You could get on a different diet every month (for the rest of your life) and still not try them all. Your choices are literally endless. And with new ones popping up daily, that’s not about to change.
Given that, how do you go about finding the right one? More importantly, how do you know if the plan you’re on is actually working… and if you should stick to it or look for something else?
If you answered fast weight loss, you may be wrong. How can this be? After all, isn’t the point of going on a diet to lose weight? And preferably at a rapid rate?
While that may be true, it doesn’t mean you’re on the right plan. In fact, even if you are dropping pounds at a steady pace, there’s one warning sign (above everything else) that the diet you’re on is wrong for you.
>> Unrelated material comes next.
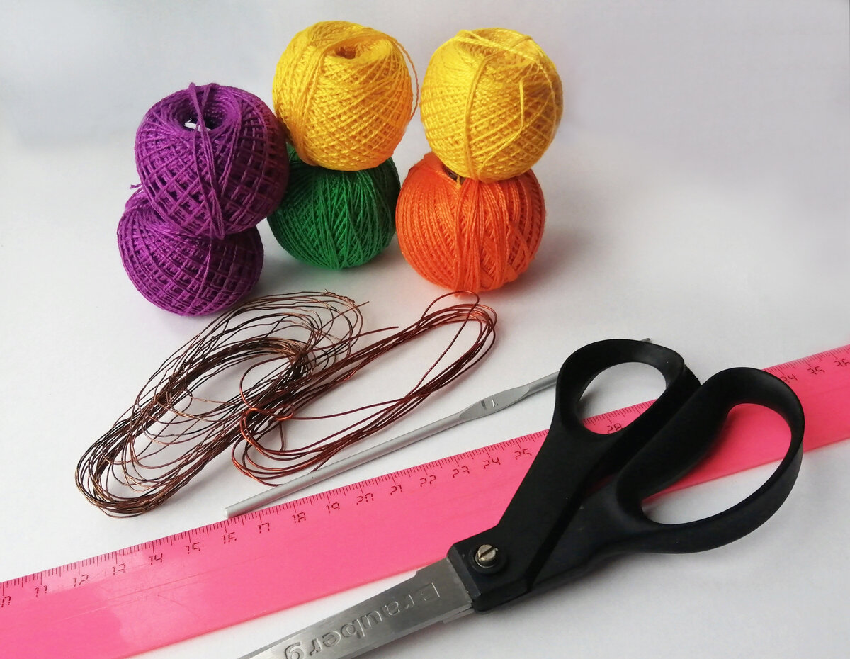 Весна идет! У вас уже светит солнышко? В моем городе уже иногда показывается :) Так к чему я это все. Появление солнца хоть и редкое, но весеннее настроение создает. И, как говориться, "если гора не идет к Магомеду, Магомед пойдет к горе". Решила я зазывать весну. Знаете чем? Конечно же своими вязалками :) Что ассоциируется у вас с весной? У меня цветы. Именно поэтому выбор пал на них. Я обожаю крокусы, поэтому без сомнений взялась за них. Идею и описание нашла на просторах интернета, и если кому-то интересно сотворить такое чудо, то в следующем посте обязательно выложу ссылку на автора - так что не поленитесь написать о этом в комментариях :) Вот что понадобится для вязания. По-моему очень скромно и бюджетно :) Итак, "ингредиенты" таковы: • ниточки "ирис" - желтый, фиолетовый, оранжевый и зеленый • крючок №2 • проволока диаметром 0,5 мм и 1 мм • линейка - для удобства 40 см и более • ножницы Вот и все! Я приступила к вязанию. В общем-то состоит букетик из повторяющихся элемент

And if you experience this on a regular basis, you should stop what you’re doing immediately because it’s not agreeing with your body.
I’m alluding to low energy levels. If you feel tired on your new diet, you’re either eating the wrong foods, not eating enough, or worse: a combination of both.
Let me explain…
Think of your body like a perfectly engineered automobile. And food as fuel. Now, when you put the right fuel in your car, it runs smoothly and lasts a long time. When you don’t, well… it doesn’t.
Likewise, being on the wrong diet is like putting diesel in a car that burns gasoline (or vice versa). It just won’t run.The same thing happens to some degree with your body.
Having said that, don’t confuse low energy levels with irritability and/or cravings. It’s natural to feel these any time you clean up your eating habits. It’s all part of the detoxification and cleansing process. However, these should either disappear completely or severely diminish after a few weeks.
If they don’t, something’s wrong.
So, now that you know that energy levels are the true benchmark of a proper diet, here’s how you can actually quantify them. And sure, you know whether or not you feel tired. But this little trick will truly inform you that you’re on the right track.
Carry a pedometer with you at all times. If the number of steps you’re taking each day are steadily rising, your diet is working. All that extra body fat you’re carrying is being burned for fuel. And this causes you to move. Furthermore, it comes natural (i.e. you want to get out and about; you don’t have to force yourself to do so).
Now, if you notice that you’re not moving more after a few weeks on your new plan, it’s time to take inventory of your eating habits. Are you eating enough? Are you eating the right foods? How do you feel after meals? Energized or tired and cranky?
By listening to your body (and with a little help from a pedometer) you can ensure you’re on point with your plan. After all, it knows better than anyone else what’s best for you. So, pay close attention and do exactly what it’s telling you.